Freelancer, agency, or DIY: what works best for a local business
This is the question that makes the biggest difference on the quote. The same business, the same type of website, can cost very different amounts depending on who builds it.
DIY | Freelancer | Agency | |
|---|---|---|---|
Typical cost | $0-500 + your time | $1,500-5,000 | $5,000-15,000+ |
Time to launch | 2-8 weeks (if learning from scratch) | 2-4 weeks | 4-8 weeks |
Customization | Limited to templates | High | Very high |
SEO | Basic or absent | Included (if the freelancer knows SEO) | Included, often with strategy |
Post-launch support | Online communities | Direct, personal | Structured, with tickets |
Best for | Testing, hobby projects | Small businesses, professionals | Established SMBs, complex projects |
For a local business with a moderate budget, a freelancer is almost always the best value for money. You pay less than an agency's overhead, but you get a dedicated professional who knows your project and gives you personal attention.
DIY platforms like Wix or Squarespace seem affordable, but they have real limitations on customization, SEO, and scalability. If the website is a core asset for your business (and for a local business, it almost always is), the upfront savings can cost you dearly later. I go into this in detail in DIY website: is it really worth it?
The truth is.
There's no one-size-fits-all answer. But for most small local businesses β restaurants, shops, professional offices, craftspeople β a freelancer with experience in web development and local SEO is the most practical choice.
Is your website a cost or an investment? How to calculate it
Let's talk about the numbers that actually matter.
Imagine you run a dental practice. A new patient is worth, on average, several hundred dollars over the course of the professional relationship. If your website, thanks to good Google visibility and a well-designed page, brings you even just 2-3 new patients per month, you've generated value in one year that far exceeds the cost of the website.

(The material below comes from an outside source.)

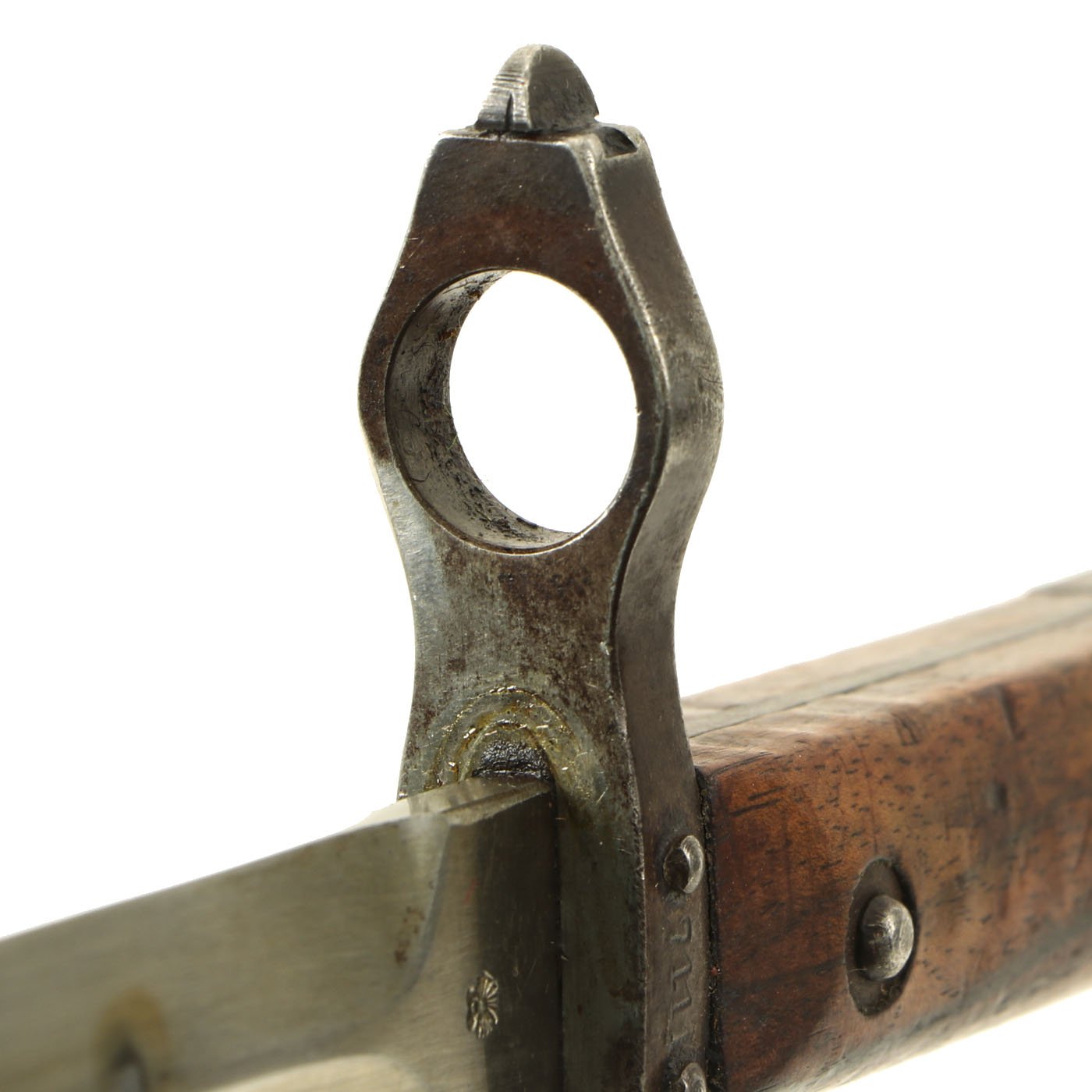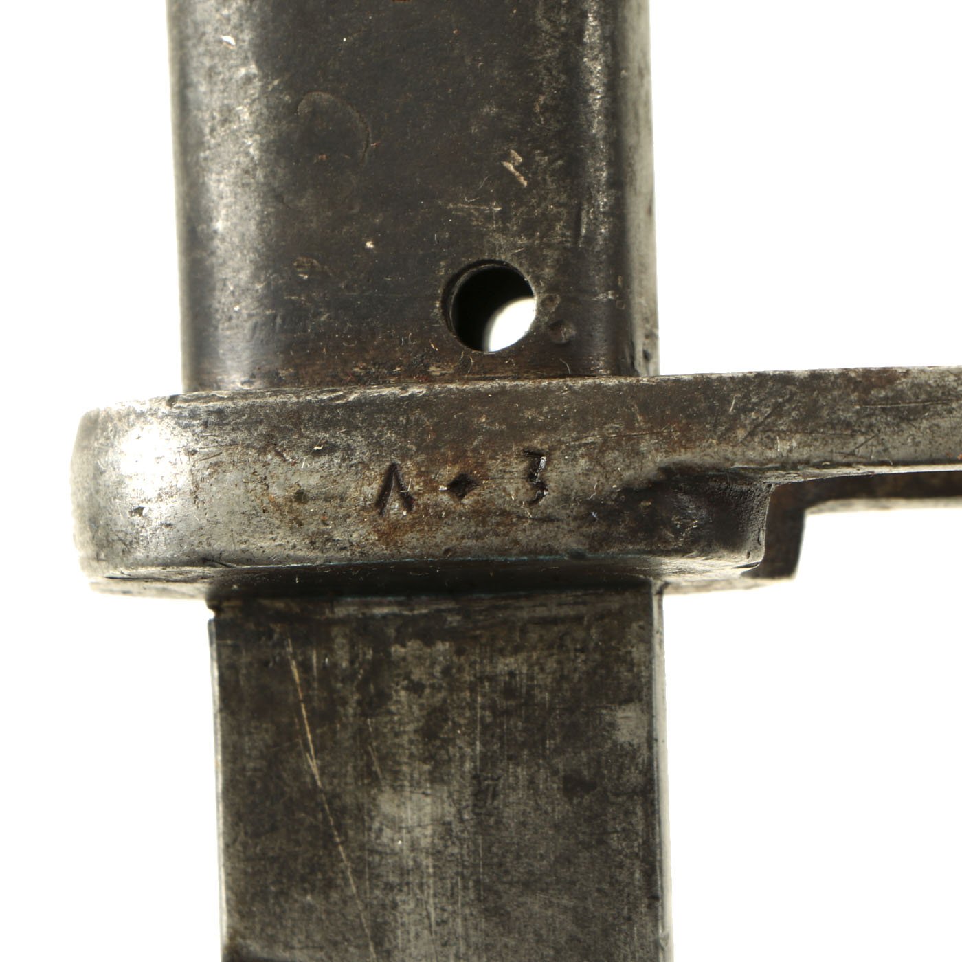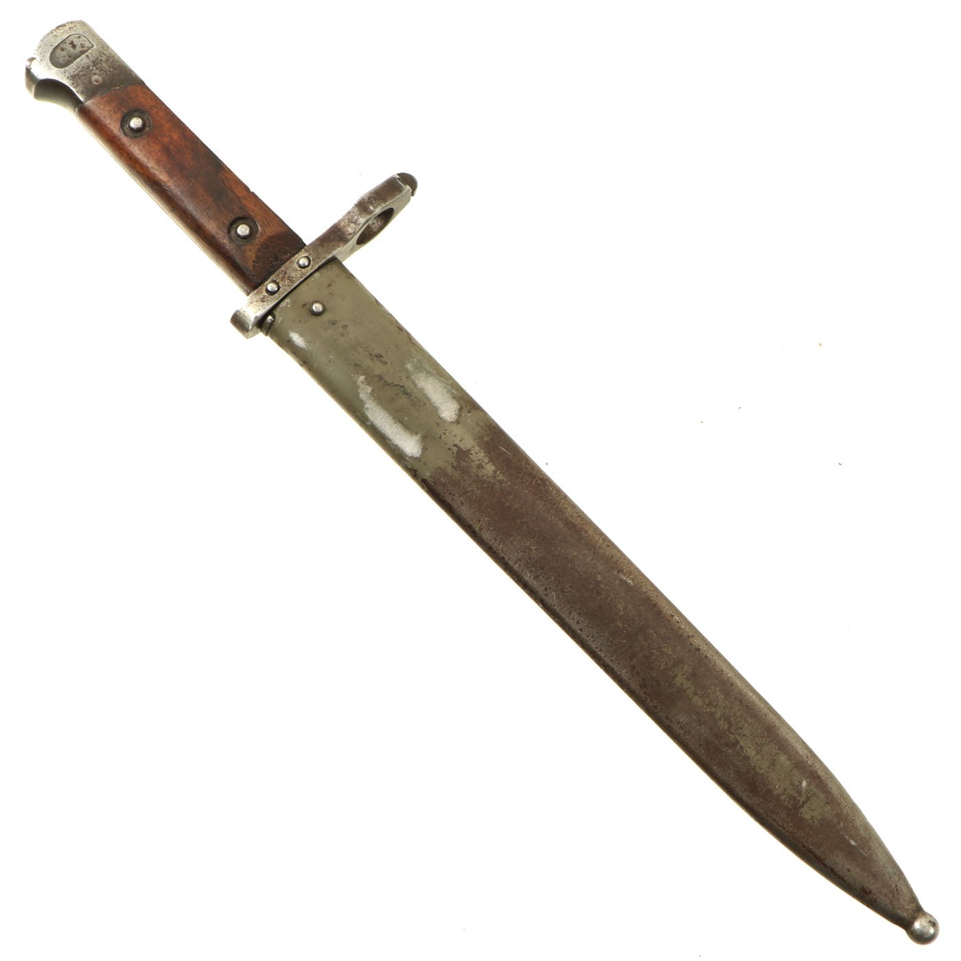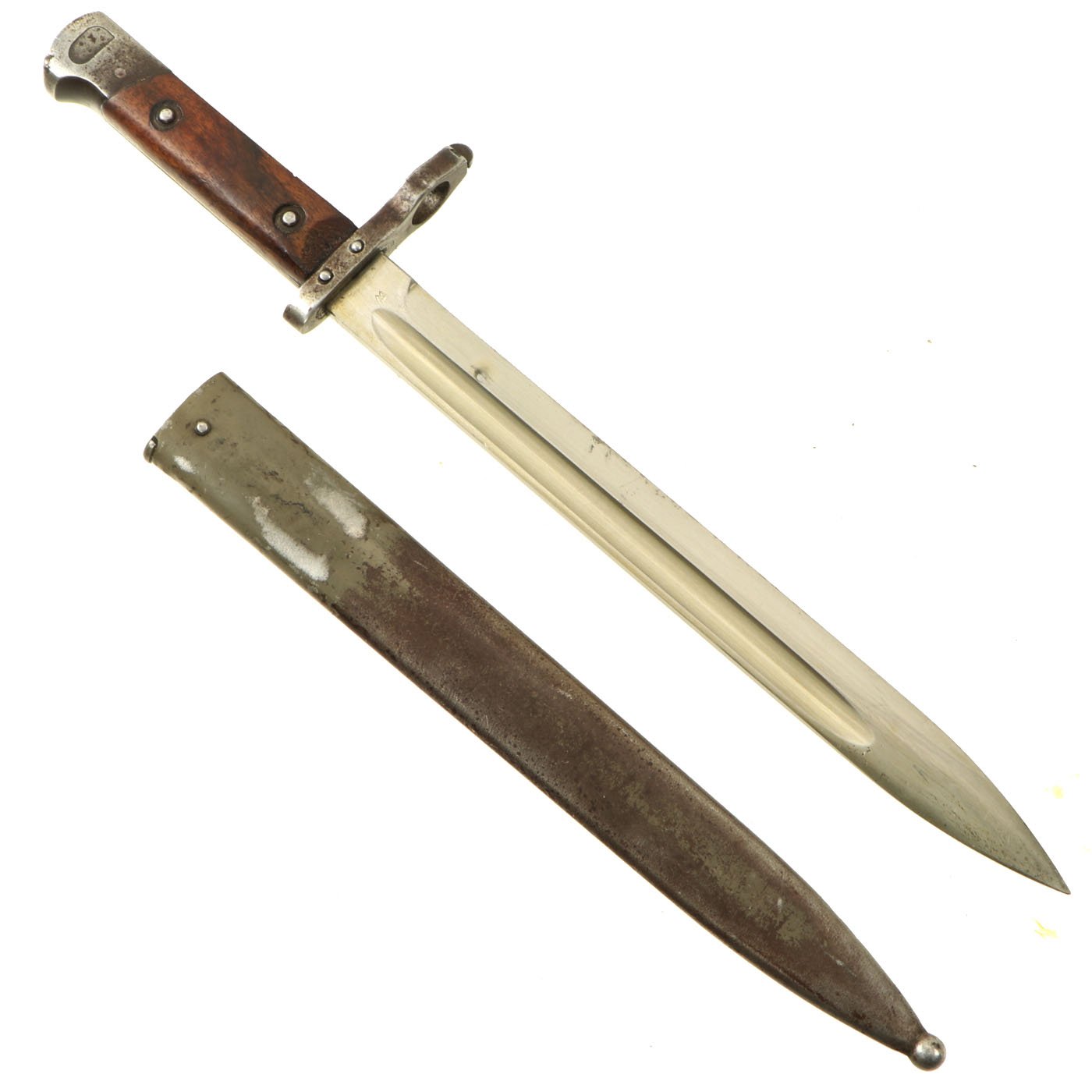 The first is an Austrian-made bayonet made to fit the Austro-Hungarian Empire's Mannlicher M1895 straight pull bolt action Rifle, which was the principal Rifle of the first World War for the Austrian Empire. It is a rather standard bayonet design, however this particular example has a front sight fitted on top of the bayonet crossguard. This is a very rare version used with the Mannlicher M1895 Cavalry Carbine.

The same logic applies to a restaurant. If the website with its reservation system brings in 5 extra covers per week, by the end of the month you have additional revenue that covers the website cost within a few months.
The calculation is simple: take the average value of a new customer for your business, multiply by the number of customers the website can bring you in a year, and compare that to the total cost (development + annual expenses). In most cases, the website pays for itself within the first 6-12 months β provided it's built to bring customers, not just to "be online."
If your current website isn't delivering results, the issue might be strategy, not budget. I've written a specific guide: your website isn't bringing clients? here's why and how to fix it.
Want to understand how a custom website could work for your business? Take a look at my services and let's talk.
5 red flags in a website quote
When you receive a quote, there are signals that should set off alarm bells. You don't need technical expertise to spot them β you just need to know what to look for.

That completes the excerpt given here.